Our data suggest that cryopreservation does not have a significant impact on the rate of ASC expansion. As expected, cryopreserved cells initially took slightly longer to reach 80–90% confluence. This may in part be due to the exposure of these cells to DMSO. DMSO was diluted and removed as soon as the cells were removed from liquid nitrogen storage.

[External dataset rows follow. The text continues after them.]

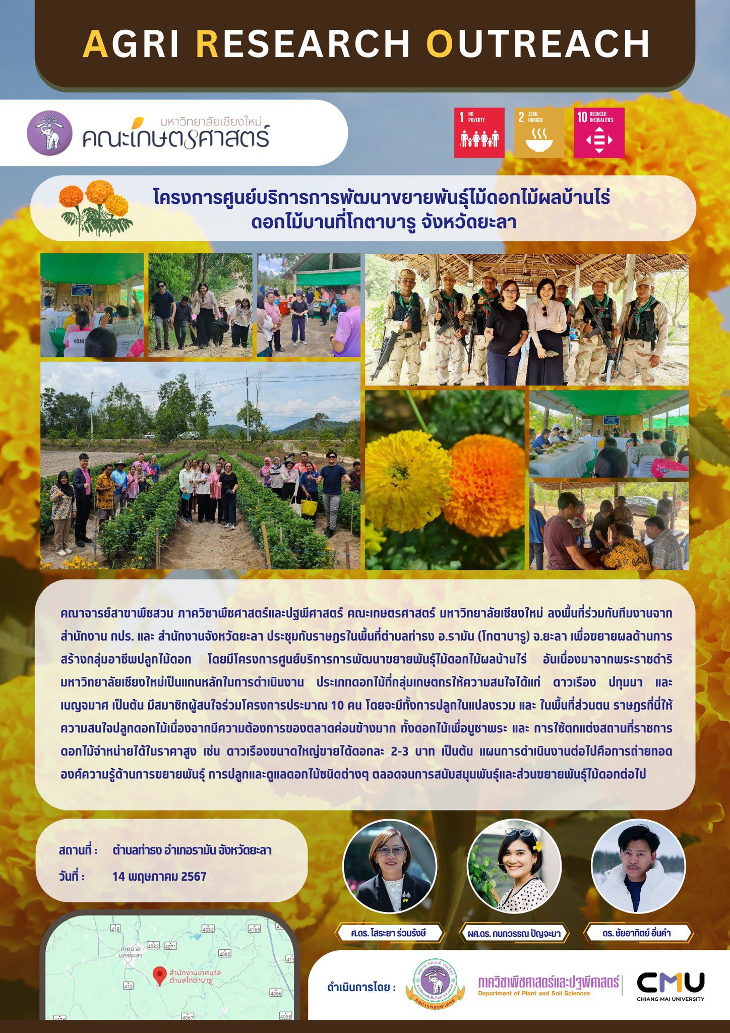 คณาจารย์สาขาพืชสวน ภาควิชาพืชศาสตร์และปฐพีศาสตร์ คณะเกษตรศาสตร์ มหาวิทยาลัยเชียงใหม่ ลงพื้นที่ร่วมกับทีมงานจากสำนักงาน กปร. และ สำนักงานจังหวัดยะลา ประชุมกับราษฎรในพื้นที่ตำบลท่าธง อ.รามัน (โกตาบารู) จ.ยะลา เพื่อขยายผลด้านการสร้างกลุ่มอาชีพปลูกไม้ดอก โดยมีโครงการศูนย์บริการการพัฒนาขยายพันธุ์ไม้ดอกไม้ผลบ้านไร่
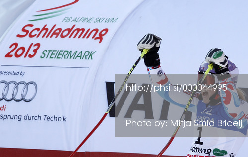 : Winner and new women giant slalom World Champion Tessa Worley of France reacts in finish of second run of women giant slalom race of FIS Alpine skiing World Championships in Schladming, Austria. Women giant slalom race of FIS Alpine skiing World championships Schladming 2013, was held in Schladming, Austria, on Thursday, 14th of February 2013.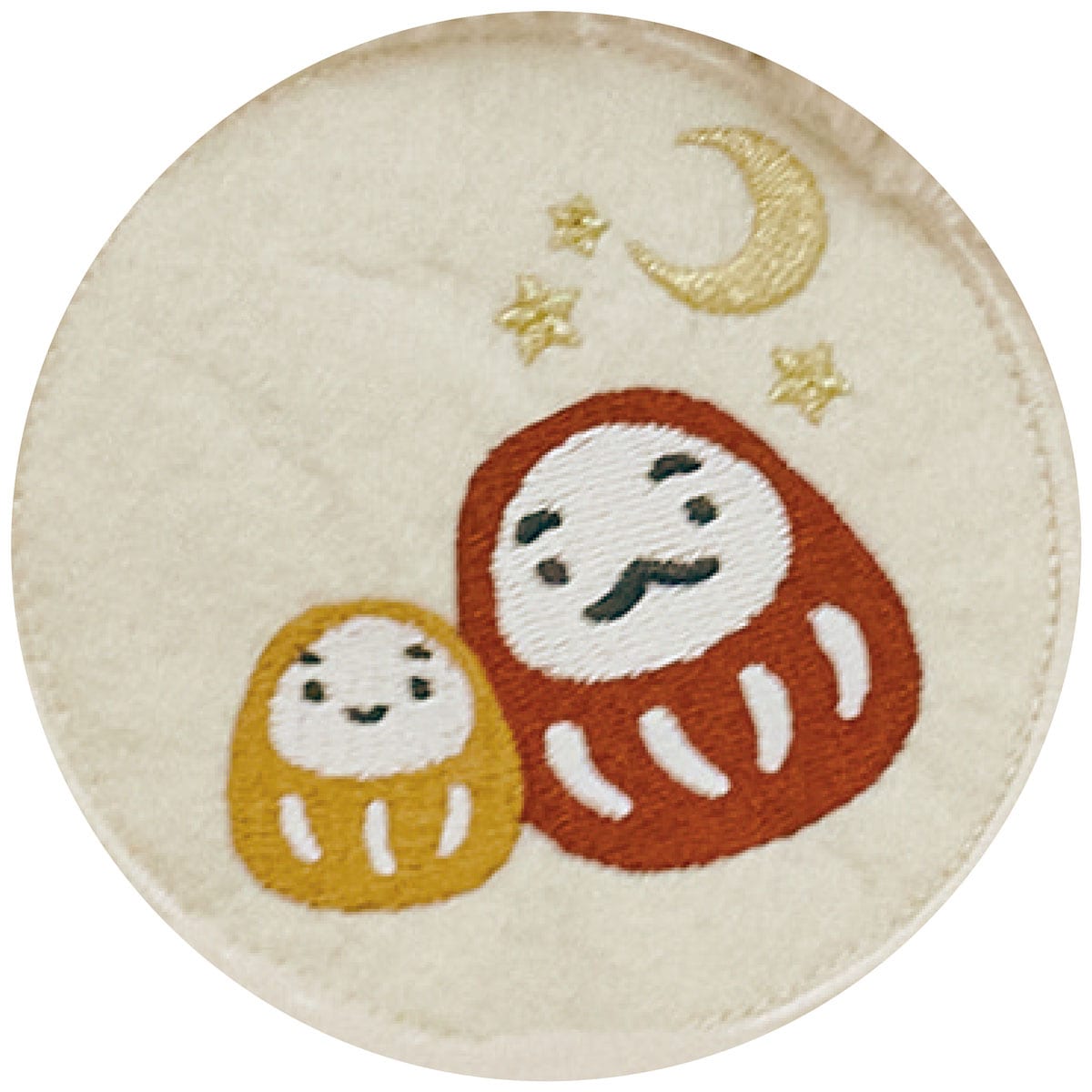 部分拡大フェルトワッペンにだるま柄刺繍を施しました。

However, it may still affect the proliferation ability of these cells. The cells, however, are soon restored to normal function and no significant differences in the periods required to expand these cells to P5 were observed when non-cryopreserved ASCs (54.2 ± 6.4 days, P2 to P5) were compared to those that had been cryopreserved (58.2 ± 1.1 days, P2 to P5).

In summary, we have investigated the effect of ex vivo expansion (P0–P5) on the adipocyte differentiation potential of ASCs as well as which pre-adipocyte sub-populations are affected during the process. We also investigated if cryopreservation soon after isolation (P0) affects the adipocyte differentiation potential of ASCs when expanded ex vivo. Our data suggest that cryopreservation does not affect the ability of ASCs to differentiate into adipocytes. However, we found that an ASC sub-population that upregulates CD36 expression when induced to differentiate into adipocytes, decreased with increasing rounds of ex vivo expansion, resulting in a gradual decrease in the ability of ASC cultures to undergo adipogenic differentiation.